ASR has undergone years of development, from the application of simple English words to today's intelligent speech systems, and its years of development are also one of the major topics.

2.1. The beginning of modern ASR

Bell Laboratories' Davis, Biddulph, and Balashek developed a system for isolated digit recognition for a single speaker in 1952. The system used formant frequencies that were measured or calculated during each digit's vowel regions [1]. Subsequently, in the United Kingdom, Denes and associates created the initial computer voice recognition system in 1960. After, extensive research on speech recognition was initiated after the 70s of the last century, and substantial progress has been made in the recognition of small vocabulary and isolated words. Since the 80s of the last century, the focus of speech recognition research has changed to continuous speech recognition little by little with large vocabulary and non-specific people. Simultaneously, speech recognition has additionally gone through tremendous changes in the research ideas, from the customary specialized thoughts in view of standard format matching to the specialized thoughts in light of factual models. Once more, a few specialists in the business set forward the specialized thought of bringing brain network innovation into discourse acknowledgment issues. Since the 90s of the last century, there has been no major breakthrough in the system framework of speech recognition. However, there has been great progress in the application and commercialization of speech recognition technology. For example, a program funded by the U.S. Defense Vision Research Projects Agency in the 70s to support research and development of language understanding systems. In the 90s, the program was still ongoing, and its exploration focus had moved to the regular language handling part of the acknowledgment gadget, and the recognition task was set as “air travel information retrieval”.

2.2. Application of HMM

The identification algorithm based on the implicit Markov model (HMM) is a voice recognition algorithm in the field of voice recognition in the 1980s. This algorithm establishes a statistical model of identification entries through data statistics on a large amount of voice data, and then extracts special Symptoms, match these models to obtain recognition results by comparing scores.

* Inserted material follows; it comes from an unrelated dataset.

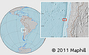 Maphill is a collection of map images. This image combines a gray map with the globe centered on the area around 27° 58' 39" S, 72° 10' 30" W. Use the buttons under the image to switch to different map types.

Through a large number of voice, a stable statistical model can be obtained, which can adapt to various emergencies in actual voice. Therefore, the HMM algorithm has good identification and noise resistance. The recognition system based on HMM technology can be used for non -specialty and does not require users to train in advance. His drawback is that a larger voice library is required for the statistical model's establishment. There is a lot of real labor involved in this. Relatively significant amounts of storage and matching computations are needed for the model, including the feature vector's output probability calculation, and DSPs with a certain capacity SRAM are usually required to complete [2]. HMM technology has been widely used in the fields of voice recognition, machine translation, Chinese segmentation, naming entity recognition, word marking, and genetic recognition. Although in today's era, the rise of many new neural network technology has made its importance no longer the year, but it still has high learning value as a technology that has been used for many years.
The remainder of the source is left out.